# [What you are asked to do]
In the records below, find the line that contains "The rear of" and the line that contains "Budova vývojovej dielne". Set down exactly those lines and every line between them, and nothing more.

# [Dataset]
╭──
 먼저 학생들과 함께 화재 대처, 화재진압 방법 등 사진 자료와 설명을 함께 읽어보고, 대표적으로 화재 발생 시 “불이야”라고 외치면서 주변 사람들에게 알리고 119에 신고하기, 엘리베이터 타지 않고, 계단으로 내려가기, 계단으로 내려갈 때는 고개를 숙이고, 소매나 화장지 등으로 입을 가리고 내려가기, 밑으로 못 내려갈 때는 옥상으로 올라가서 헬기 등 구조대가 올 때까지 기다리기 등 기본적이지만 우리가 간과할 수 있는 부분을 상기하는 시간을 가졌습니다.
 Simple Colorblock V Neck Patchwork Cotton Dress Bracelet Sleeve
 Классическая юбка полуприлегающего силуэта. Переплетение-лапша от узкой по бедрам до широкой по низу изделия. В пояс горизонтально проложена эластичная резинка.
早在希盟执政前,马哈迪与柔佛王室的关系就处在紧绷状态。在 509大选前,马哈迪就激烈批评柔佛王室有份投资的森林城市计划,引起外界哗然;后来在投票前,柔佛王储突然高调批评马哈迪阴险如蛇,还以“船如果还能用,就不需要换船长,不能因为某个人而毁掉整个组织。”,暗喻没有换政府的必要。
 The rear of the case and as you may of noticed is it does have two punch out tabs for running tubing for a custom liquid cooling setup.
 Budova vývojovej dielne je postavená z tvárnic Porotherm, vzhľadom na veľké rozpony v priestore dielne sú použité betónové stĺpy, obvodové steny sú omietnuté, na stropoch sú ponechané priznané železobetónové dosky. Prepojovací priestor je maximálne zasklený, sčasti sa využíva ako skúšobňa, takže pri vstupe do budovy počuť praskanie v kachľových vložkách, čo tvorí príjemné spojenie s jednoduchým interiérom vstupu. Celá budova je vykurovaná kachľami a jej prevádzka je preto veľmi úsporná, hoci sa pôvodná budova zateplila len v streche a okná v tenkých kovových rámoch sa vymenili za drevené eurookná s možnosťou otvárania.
╰──
╭──
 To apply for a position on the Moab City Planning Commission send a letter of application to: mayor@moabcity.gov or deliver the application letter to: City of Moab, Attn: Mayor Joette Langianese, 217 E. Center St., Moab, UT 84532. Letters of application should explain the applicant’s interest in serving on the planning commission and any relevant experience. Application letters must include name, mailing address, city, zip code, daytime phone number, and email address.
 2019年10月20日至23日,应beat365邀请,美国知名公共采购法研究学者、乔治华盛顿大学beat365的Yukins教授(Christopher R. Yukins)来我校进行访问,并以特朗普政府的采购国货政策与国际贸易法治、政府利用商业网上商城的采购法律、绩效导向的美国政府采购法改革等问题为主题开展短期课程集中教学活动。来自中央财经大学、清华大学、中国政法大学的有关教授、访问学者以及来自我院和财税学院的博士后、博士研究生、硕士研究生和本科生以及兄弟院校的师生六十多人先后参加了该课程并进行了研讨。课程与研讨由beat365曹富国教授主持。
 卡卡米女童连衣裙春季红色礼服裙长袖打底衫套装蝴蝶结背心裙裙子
╰──
# [Expected answer]
 The rear of the case and as you may of noticed is it does have two punch out tabs for running tubing for a custom liquid cooling setup.
 Budova vývojovej dielne je postavená z tvárnic Porotherm, vzhľadom na veľké rozpony v priestore dielne sú použité betónové stĺpy, obvodové steny sú omietnuté, na stropoch sú ponechané priznané železobetónové dosky. Prepojovací priestor je maximálne zasklený, sčasti sa využíva ako skúšobňa, takže pri vstupe do budovy počuť praskanie v kachľových vložkách, čo tvorí príjemné spojenie s jednoduchým interiérom vstupu. Celá budova je vykurovaná kachľami a jej prevádzka je preto veľmi úsporná, hoci sa pôvodná budova zateplila len v streche a okná v tenkých kovových rámoch sa vymenili za drevené eurookná s možnosťou otvárania.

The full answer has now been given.